Random partition in almost equisized groups.

Parameters:

k (int) – How many partitions to create.
iterable (array) – The iterable to be partitioned.

Returns:

results (list of int lists.)
contributed by kennytm on stackoverflow.com/questions/3760752

prosstt.sim_utils.simulate_base_gene_exp(tree, relative_means, abs_max=5000, gene_mean=0.8, gene_std=1)¶

Samples appropriate base expression values for each gene. The criterion applied is that the absolute average gene expression does not surpass a certain threshold.

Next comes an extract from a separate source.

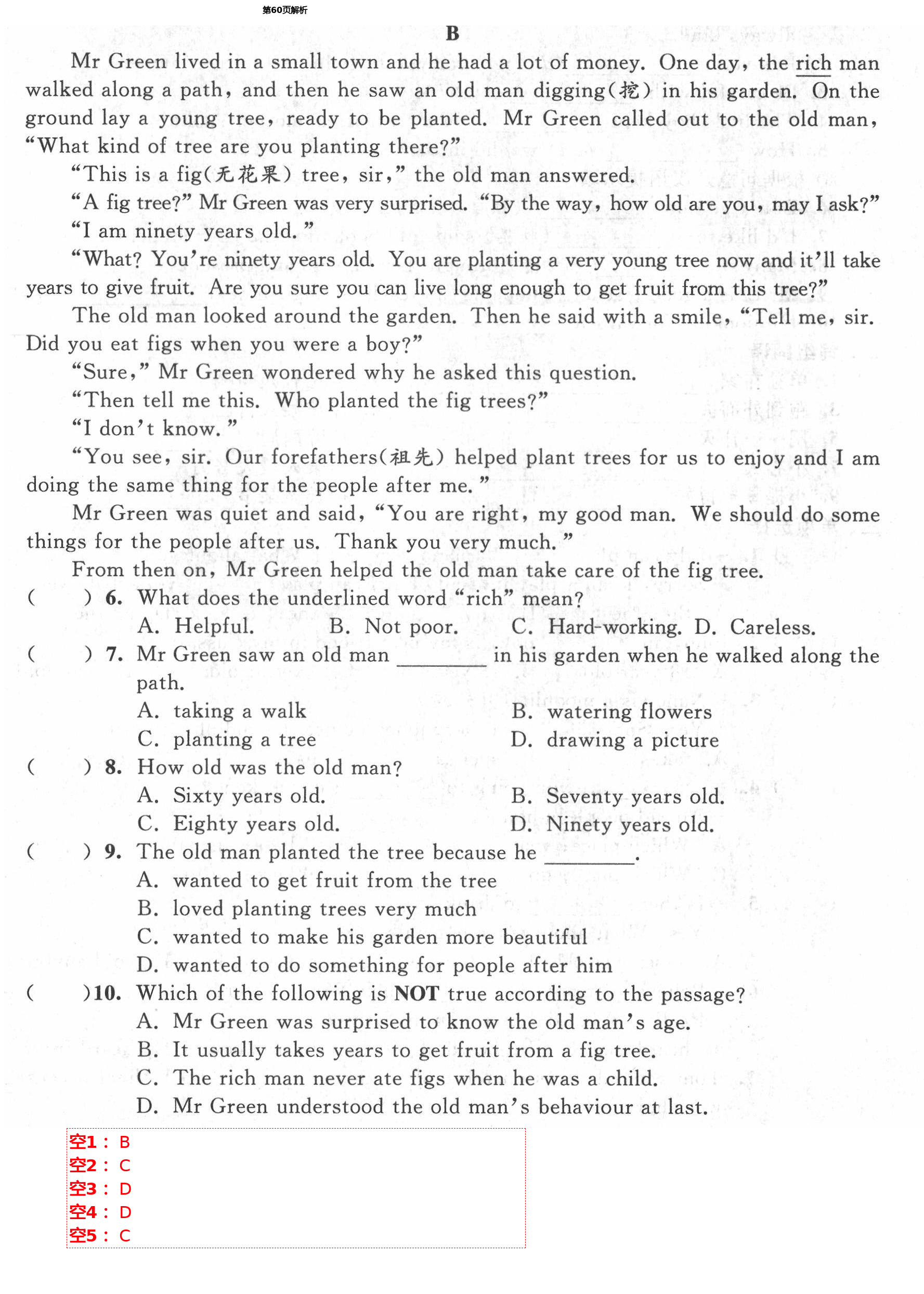 注:目前有些书本章节名称可能整理的还不是很完善,但都是按照顺序排列的,请同学们按照顺序仔细查找。练习册 2021年绿色成长互动空间配套练习七年级英语下册译林版 答案主要是用来给同学们做完题方便对答案用的,请勿直接抄袭。
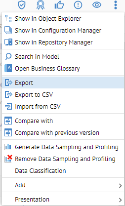 Models imported from databases are now multi-model (one model per schema in Oracle, or per database in a SQL Server), therefore the export menu (e.g. to a BI tool like Tableau) is only available on the object page for the database schema More Actions menu in the upper right.

Parameters:	tree (Tree) – A lineage tree object. relative_means (Series) – Relative mean expression for all genes on every lineage tree branch abs_max (int, optional) – Highest allowed value for the absolute average expression of a gene along the lineage tree gene_mean (float, optional) – Average of the log-normal distribution from which the base gene expression values are sampled gene_std (float, optional) – Standard deviation of the log-normal distribution from which the base gene expression values are sampled
Returns:	base_gene_exp – An array that contains base expression values for each gene
Return type:	numpy.ndarray

prosstt.sim_utils.test_correlation(W, k, cutoff)¶

For a column of a matrix, test if previous columns correlate with it.

Parameters:	W (numpy array) – The matrix to test. k (int) – Compare columns from 0 to k-1 with column k. cutoff (float) – Correlation above the cut-off will be considered too much. Should be between 0 and 1 but is not explicitly tested.